PRICE INCREASE: What’s cool in an inflationary period is that you can increase your margins without it showing (too much)
When prices go up, the money has to go somewhere. And over the past two years in Europe, it has gone into the pockets of companies. It is not Karl Marx who says so, it is the International Monetary Fund (IMF), better known for its promotion of liberal structural reforms than of the socialization of the means of production.
In a study published Monday 26th June, the IMF indicates that “import costs rose after Russia invaded Ukraine and that companies more than passed on this increase to consumers”. In figures, since 2022, the rise in profits has been responsible for 45% of inflation, compared to 40% for import costs (mainly energy and raw materials) and only 25% for the rise in wages. For their part, taxes and duties, lowered by governments, had a slight deflationary impact. And the IMF concludes: “European companies have so far been better protected than workers against the negative cost shock”.

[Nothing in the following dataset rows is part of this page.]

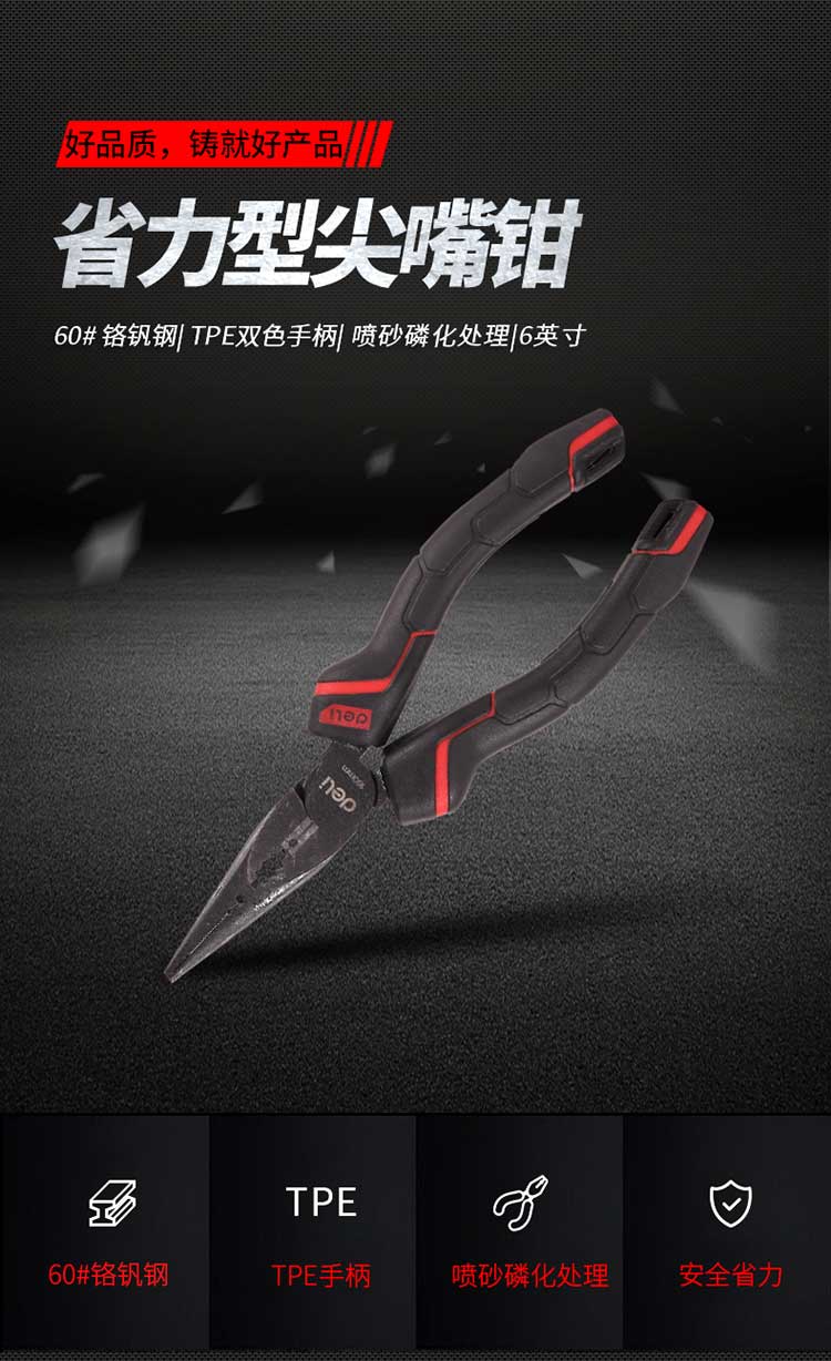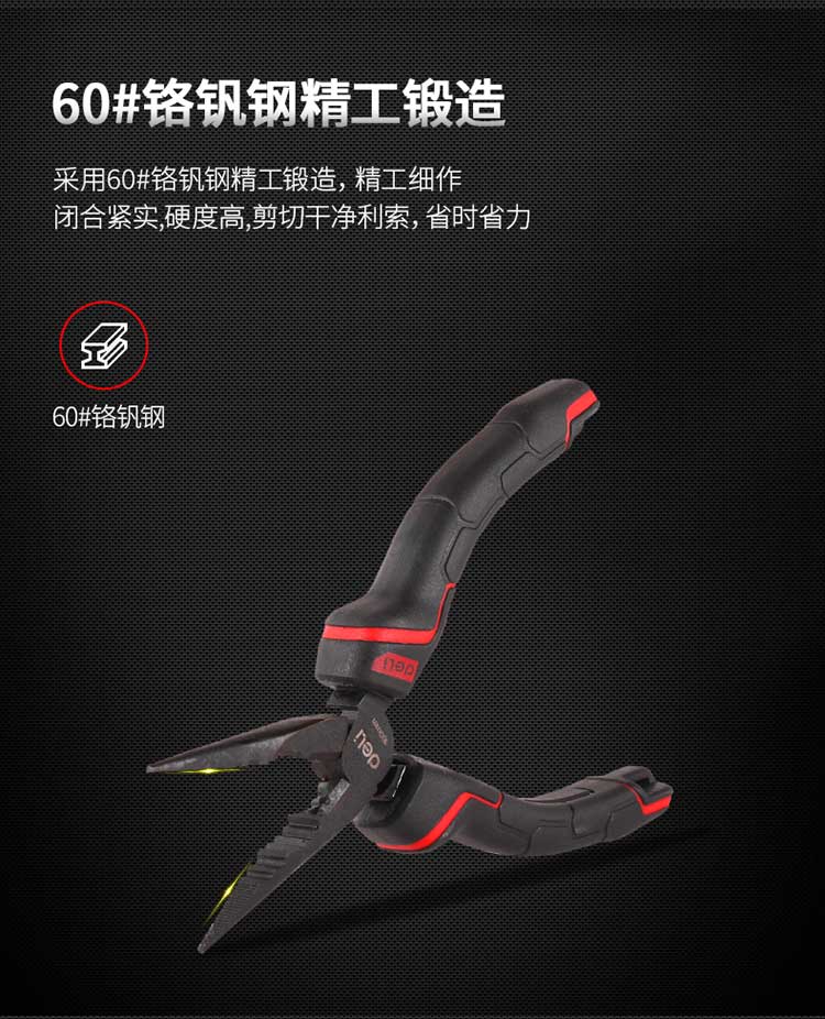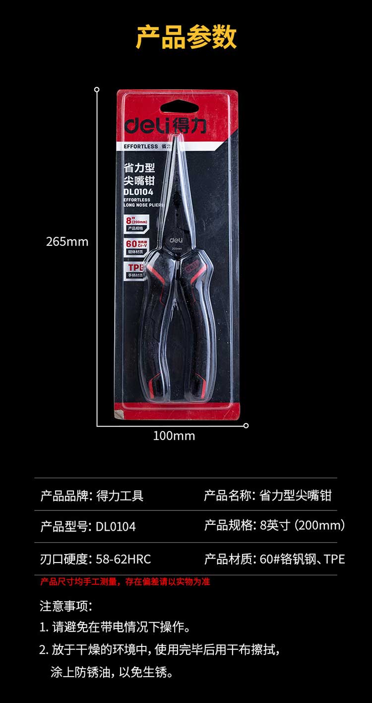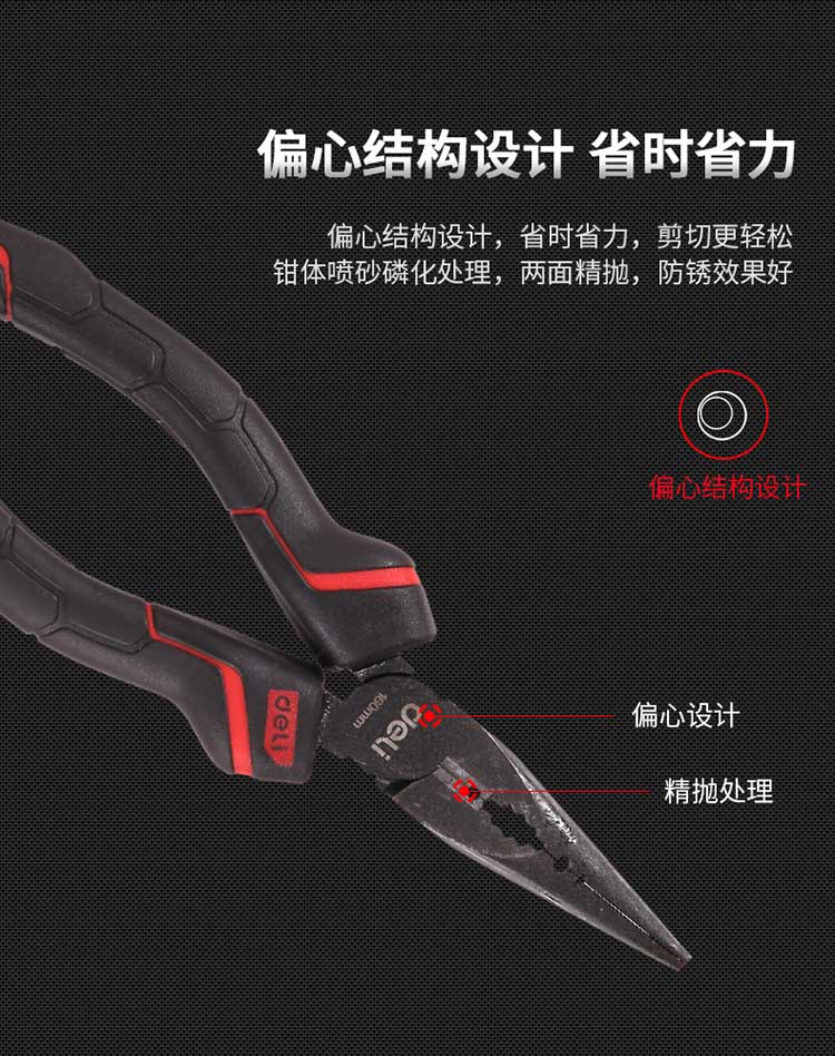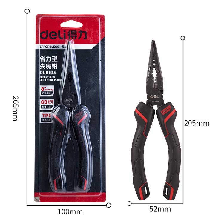 5. 得力钢丝钳DL0104 8寸省力尖嘴钳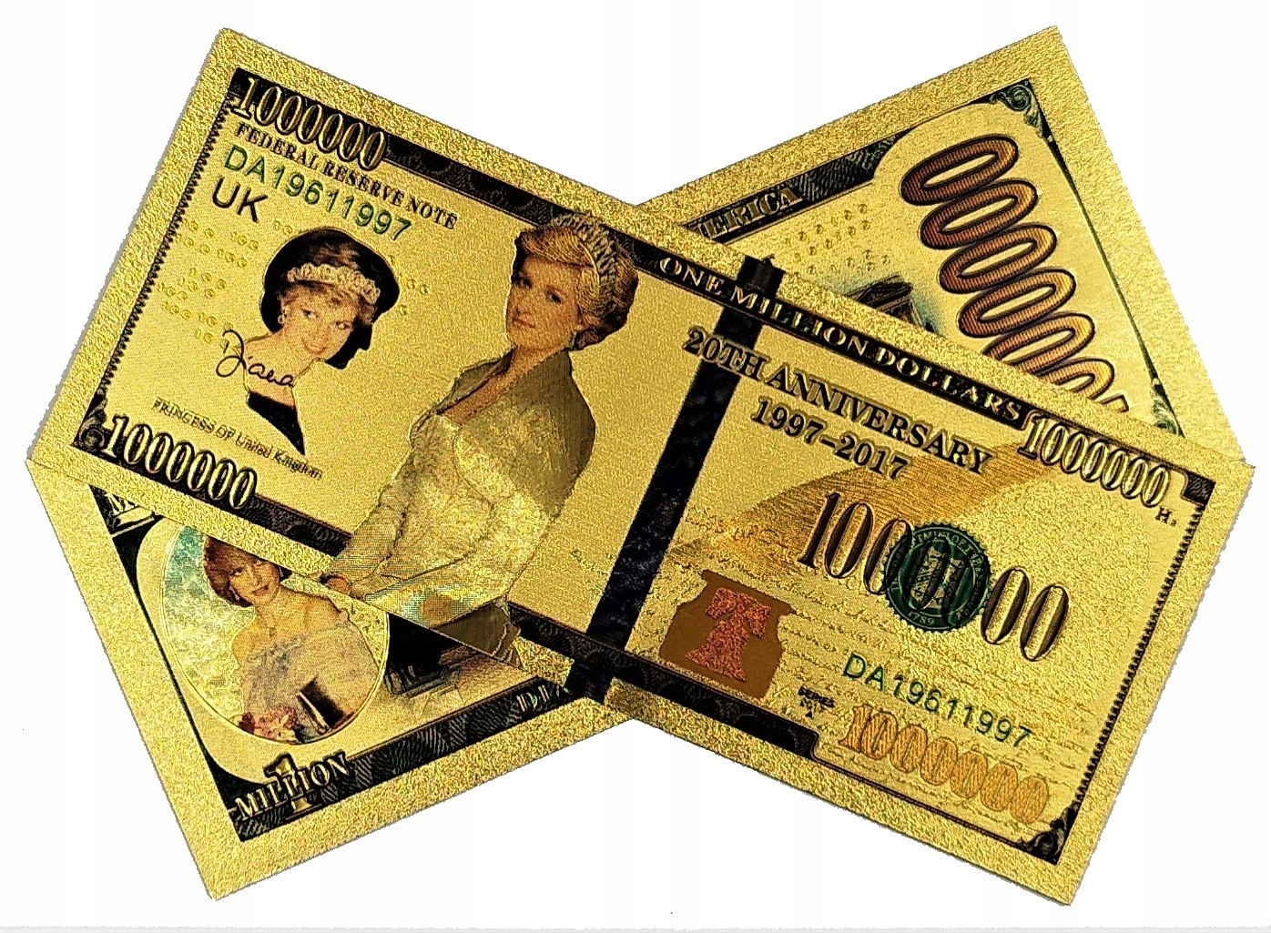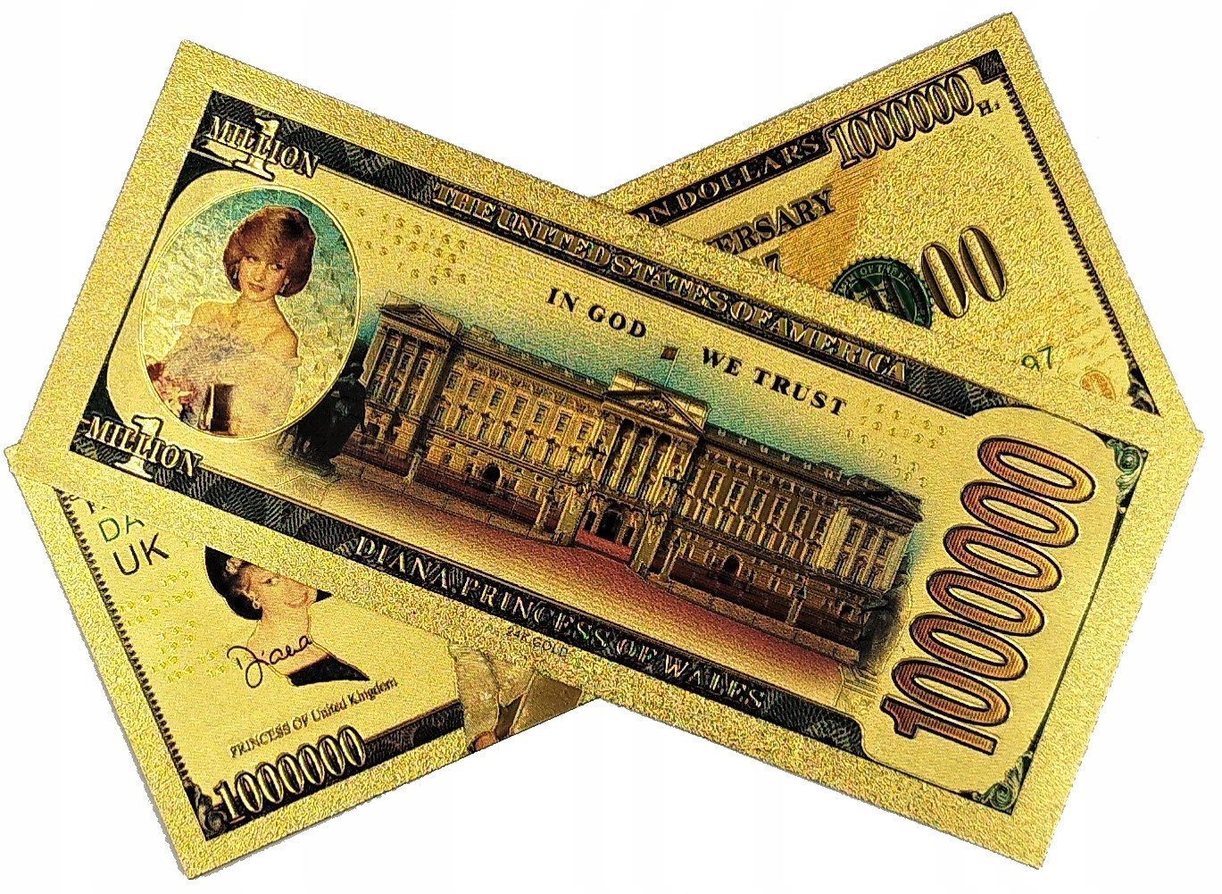 ДІАНА СПЕНСЕР Красива позолочена банкнота номіналом 1000 000 доларів УНІКАЛЬНА КОЛЕКЦІЯ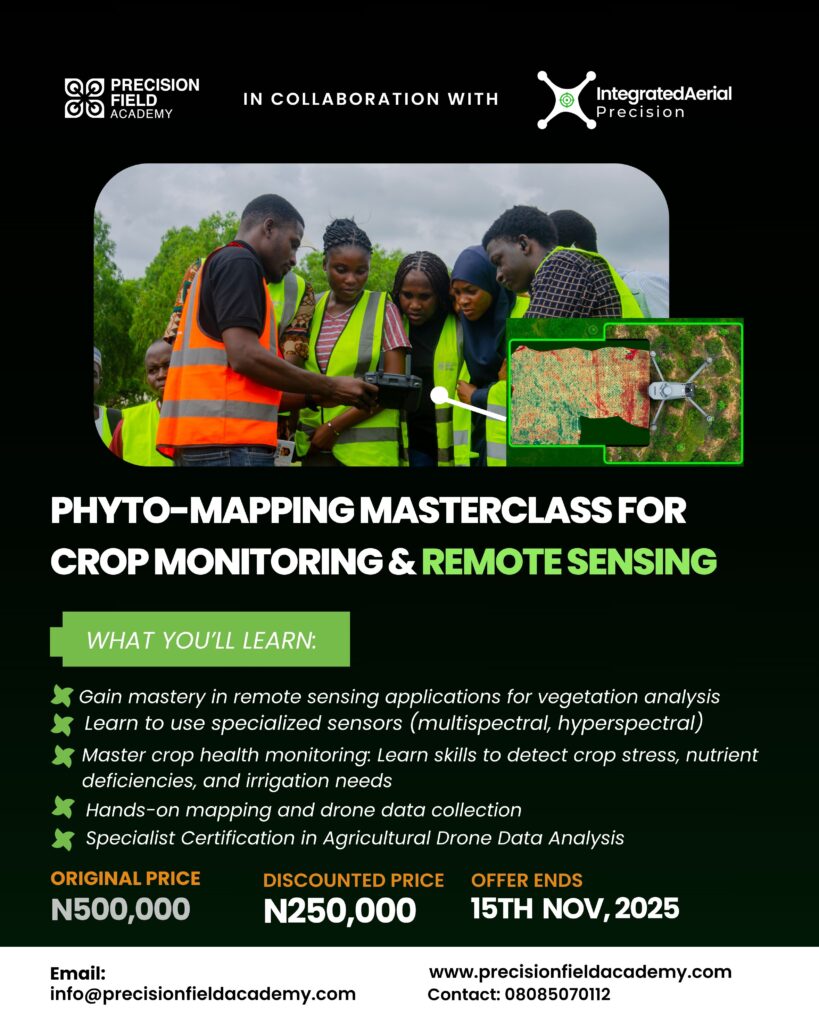 The Precision Field Academy Drone training held at the Federal University of Agriculture, Abeokuta, was a defining moment in my agricultural journey. The program exposed me to cutting-edge innovations, especially the integration of drone technology for precision mapping and farm monitoring. I gained the confidence and skills to transform traditional farming into a data-driven, technology-powered enterprise that promotes sustainability, efficiency, and measurable impact across agricultural systems.

Companies will have to tighten their belts
But the IMF notes that after “having seen their wages fall by around 5% in real terms in 2022, workers are now pushing for wage increases”. The whole question is how quickly will wages increase and whether companies will squeeze their margins so that this does not affect prices. In any case, for the IMF, companies will have to tighten their belts so that “inflation reaches the ECB ‘s target by mid-2025”. Find out on your next payslip.